Discovery Files

Democratizing data: Discovering data use and value for research and policy

Harvard Data Science Review spotlights NCSES-supported pilot

Data access and discovery continue to be topics of great interest across the federal data ecosystem. The National Center for Science and Engineering Statistics (NCSES) within the U.S. National Science Foundation supported a pilot study seeking to understand how public data are being used in research publications, possibly enabling the government to make more transparent, informed decisions about public investments. This project, the "Democratizing Data Search and Discovery Platform," was the subject of a recent special issue of the Harvard Data Science Review, which highlighted the findings, successes and lessons learned from the pilot and explored the potential of technology and artificial intelligence to build on these initial efforts. 

As part of the special issue, NCSES Director Emilda Rivers and Science Advisor May Aydin co-authored an article that discusses the potential for using AI to classify data sets, a particular challenge at NCSES, where data labels do not always map to the agency's mission categories.
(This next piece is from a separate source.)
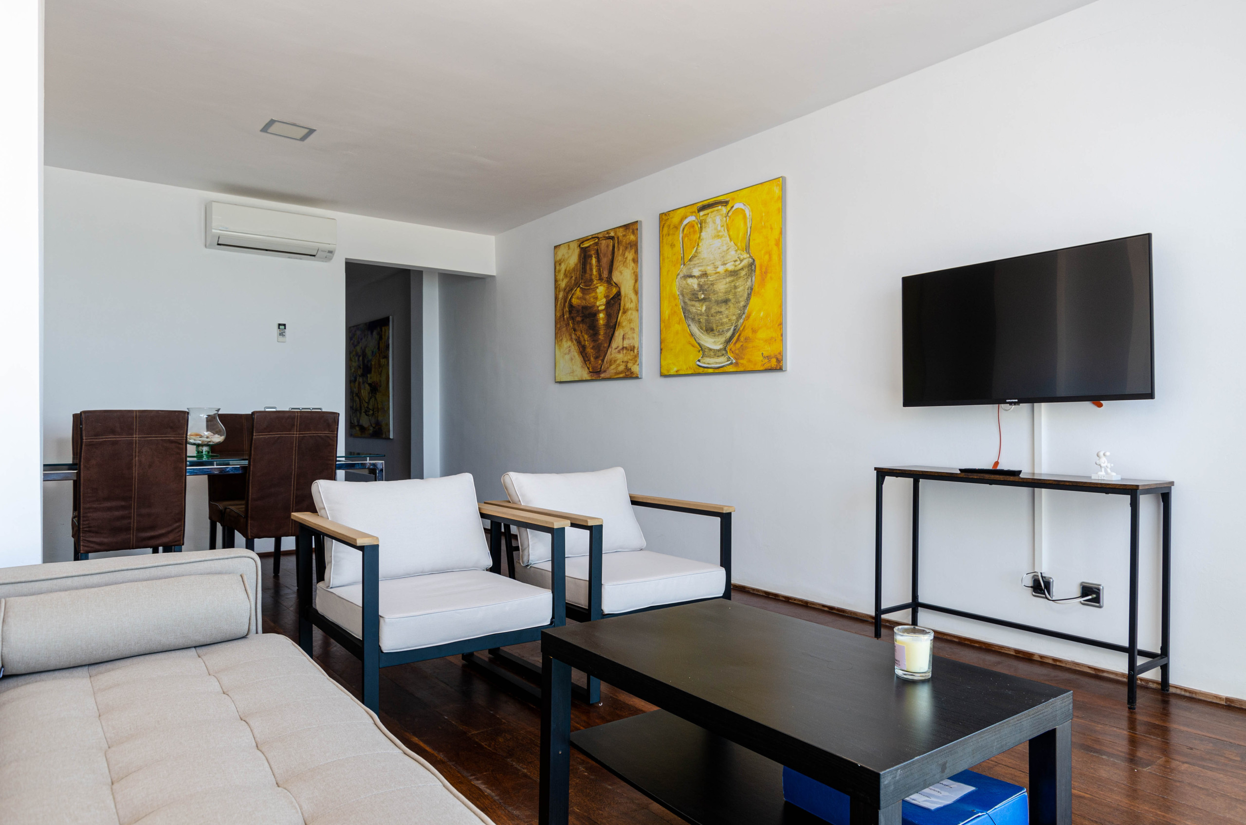 El alojamiento es muy confortable, aire acondicionado en el salón y los dormitorios, cocina bien equipada, dos baños, vistas al mar y una ubicación perfecta.

Natural language processing, semantic analysis and machine learning could potentially be used to develop different sets of metadata topic labels for different needs.
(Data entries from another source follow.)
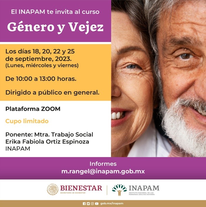 Con el fin de brindar apoyo a las personas adultas mayores surgió el Instituto Nacional de las Personas Adultas Mayores (INAPAM), organismo que brinda una buena cantidad de beneficios los cuales van desde descuentos en supermercados hasta promociones en servicios de salud y más.Y con motivo de seguir ofreciendo más apoyo a las persona de la tercera edad, Inapam ha informado sobre un nuevo beneficio al cual podrán acceder a partir del lunes 18 de septiembre de 2023.Si eres beneficiario Inapam la información que se te proporcionará es de tu interés.A través de su cuenta oficial de X (antes twitter) el instituto dio a conocer que este beneficio se trata de un curso titulado "Género y vejez" impartido por la maestra en Trabajo Social Erika Fabiola Ortiz Espinoza.Cuenta con 4 fechas, lunes 18, miércoles 20, viernes 22 y lunes 25 de septiembre vía Zoom con un horario de 10:00 a 13:00 horas. Además de los beneficiarios Inapam, también podrán acceder a este curso el público en general, ya sean los mismos familiares de los adultos mayores o cualquier persona que tenga interés en conocer sobre el tema.Para acceder a esta charla, aquellos que estén interesados deberán registrarse en Curso. Género y Vejez, llenar un formulario y listo, con ello podrás ingresar a la plática y aprender algo nuevo sobre esta etapa de la vida del ser humano.YC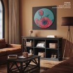 Wall Decor | Red opiate flower #271 - Circular Wooden Frame | Custom Size & Frame • Ready to Hang • Made in India • Eco-Friendly
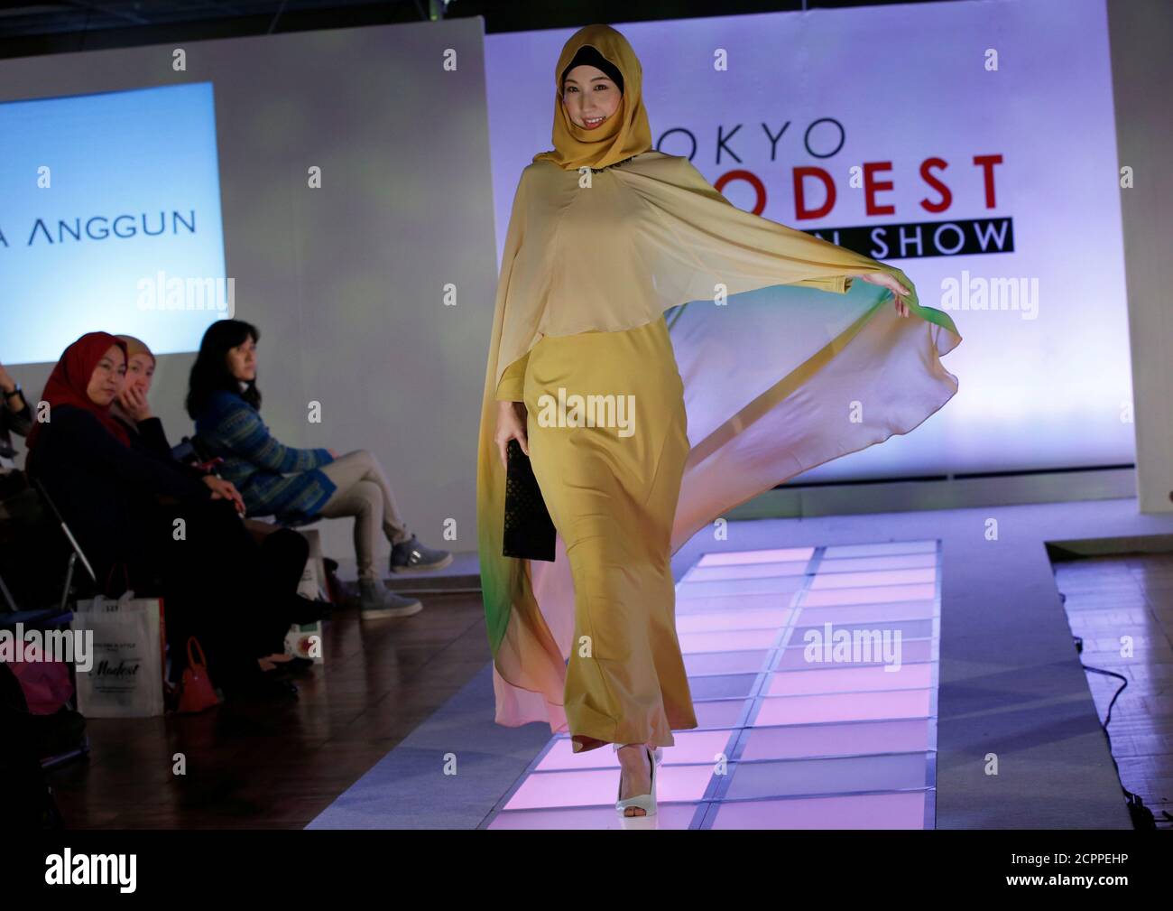 A Model Presents A Creation By Brand Alia Anggun During Tokyo Modest Fashion Show Muslim Fashion Show At Halal Expo Japan In Tokyo Japan November 22 2016 Reuters Toru Hanai Stock Photo Alamy

Rivers, alongside the three other agency heads who participated in the pilot study, sat down for a fireside chat, hosted by former U.S. Chief Statistician Nancy Potok, to explore the significance of understanding data used to inform decision-making. 

"It's very important for us that we're able to talk about where our data are being used and how they are meeting the needs of not only NCSES, but the National Science Board and the National Science Foundation," Rivers said during the fireside chat. "[Data from the pilot] can provide a lot of insights into the type of audiences that both we reach and those that we don't."